Однако чем меньше мир нуждается в художниках, тем их больше. В Нью-Йорке, например, за последние десять лет всех стало меньше — учителей, медсестер, даже бездомных. Зато число художников выросло в четыре раза. Страсть к творчеству сильнее других, хотя бы потому, что угасает последней. В ней нет ничего безобидного. Она сводит с ума, причем — буквально. Среди художников больше сумасшедших, чем среди других людей искусства. Наверное, их разум губит свобода, несовместимая со здравым смыслом. Писателя спасает линейность письма, требующая вытягивать мысли в строчку. Композитора смиряют ноты, артиста — зритель, скульптора — счета за бронзу. Но художник живет наедине с пустым холстом. Не выдержав испытания произволом, он часто становится чудаком, иногда опасным для окружающих.
Для некоторых тут брезжит надежда обойти тупик, Оставшемуся без объекта художнику остается выставлять самого себя. В том, что это не просто, я убедился, когда в Америку приехал Кулик под видом собаки. За этим отчаянным, хоть и не новым жестом, стоит запоздалая попытка сменить профессию. Художник, как совершенно справедливо написал где-то Курицын, берет на себя роль городского сумасшедшего. Поскольку юродство несовместимо с игрой, выбравшему крест художнику необходимы настоящие, а не картонные вериги. Подлинность пережитых испытаний — от бытовых неудобств (ходить без ошейника) до тюрьмы и даже смерти — придает экстравагантному акту бытийственное измерение. Воплощение замысла — художественный процесс, реализующийся в образе жизни, а — в крайних случаях — и в способе смерти. Это уже не искусство для себя, это искусство из себя — и других.
Возможно, это имел в виду немецкий авангардист Штокхаузен (он знаменит музыкой для вертолетов), когда назвал события 11 сентября «непревзойденным концертом». Его, надо полагать, поразил тотальный эффект акции, растворившей в себе не только исполнителей, но и аудиторию.
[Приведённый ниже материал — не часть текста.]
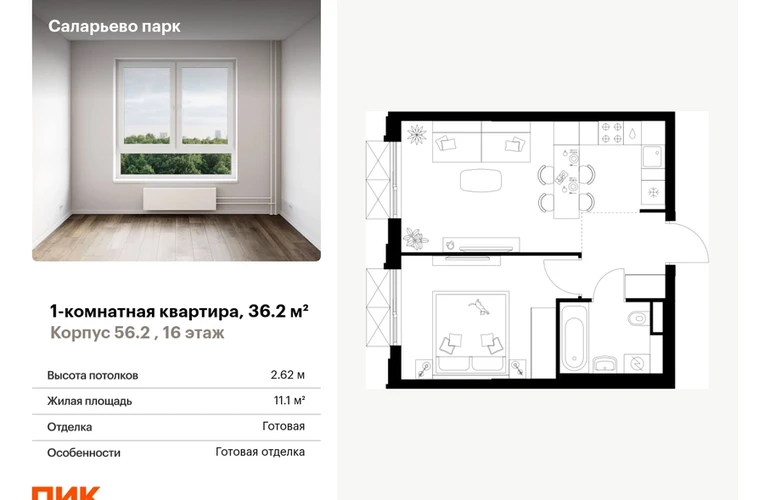Продаётся 1-комн.квартира площадью 36.20 кв.м на 16 этаже 22 этажного дома (Корпус 56.2 , секция 2) проекта ПИК Саларьево парк. Светлый просторный подъезд на уровне земли, функциональная планировка, большие окна, с отделкой. <br> <br>Жилой район «Саларьево парк» расположен в Новой Москве, в четырёх километрах от МКАД по Киевскому шоссе. Две станции метро: «Саларьево» и «Филатов луг» — находятся в пешей доступности от проекта. Дойти до них можно за 5–10 минут. В квартале уже создана качественная среда, где есть абсолютно всё для полноценной жизни, работы и отдыха. <br> <br>«Саларьево парк» — не просто квартал, а полноценный жилой район, который отличается разноплановой архитектурой. Над концепцией квартала работали несколько ведущих архитектурных бюро, которые стремились добиться разнообразия в фасадных решениях. Ярким примером такого подхода станет корпус 83, который относится к «Серии плюс». <br> <br>Новый корпус 83 был создан по принципам южной архитектуры: расслабленный и лаконичный силуэт зданий, привлекающий к себе внимание. Архитектурная изюминка 83-го корпуса — террасы и фигурные балконы. Вместе с окнами и другими акцентными элементами они создают уникальный облик здания, отсылая нас к изысканной южной архитектуре. <br> <br>Все корпуса в квартале гармонично сочетаются, образуя единую городскую среду. Здесь приятно гулять и проводить время на улице всей семьёй. <br> <br>В «Саларьево парке» создана уникальная образовательная среда, включающая в себя шесть школ, рассчитанных на 6 250 учеников. Две из них уже открыты, их посещает 2 300 детей. Также на территории «Саларьево парка» находится 12 детских садов, один из которых с бассейном. Сейчас уже открыты 7 садов. <br> <br>В «Саларьево парке» открыта уникальная игровая площадка — PlayHub «Оригами». Здесь есть ручей, горка-труба и рельефные холмы. Взрослые смогут отдохнуть в уютном кафе, пока дети играют. Также на территории проекта есть SportHub — большая спортивная зона, разделённая по интересам и возрастам. Здесь можно заниматься разными видами спорта: футболом, баскетболом, волейболом и стритболом. Зимой центральную часть площадки превращают в каток. <br> <br>Во дворах-парках жилого квартала есть места для отдыха, детские и спортивные площадки. На первых этажах домов расположены магазины, кафе и полезные сервисы. Также вблизи проекта есть несколько масштабных торговых центров. До ТЦ «Саларис» пять минут пешком, до «Рио», Metro Cash & Carry и «Лемана про» — пять минут на автомобиле. Артикул - 990901О застройщике

Такое искусство мало кому понадобится. Оно не только требует жертв, но и не открывает им ничего нового. «Убийство, — как любил повторять Бродский, — всего лишь тавтология».
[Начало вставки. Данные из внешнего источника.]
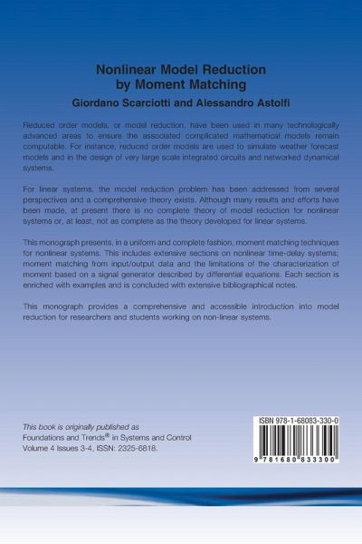 Reduced order models, or model reduction, have been used in many technologically advanced areas to ensure the associated complicated mathematical models remain computable. For instance, reduced order models are used to simulate weather forecast models and in the design of very large scale integrated circuits and networked dynamical systems. For linear systems, the model reduction problem has been addressed from several perspectives and a comprehensive theory exists. Although many results and efforts have been made, at present there is no complete theory of model reduction for nonlinear systems or, at least, not as complete as the theory developed for linear systems. This monograph presents, in a uniform and complete fashion, moment matching techniques for nonlinear systems. This includes extensive sections on nonlinear time-delay systems; moment matching from input/output data and the limitations of the characterization of moment based on a signal generator described by differential equations. Each section is enriched with examples and is concluded with extensive bibliographical notes. This monograph provides a comprehensive and accessible introduction into model reduction for researchers and students working on non-linear systems.

Человека проще убить, чем остановить — даже ненадолго. Удачнее всех этим занимается самый серьезный художник сегодняшней Америки — Билл Виола. В его инсталляциях главное не то, что нам показывают, а то, как мы себя при этом ведем. Не афишируя своего замысла, Виола приводит зрителя в состояние медитативного транса. Завораживая мучительно медленными метаморфозами своих героев, он погружает нас в стихию времени, заставляя осмысленно проживать его длительность.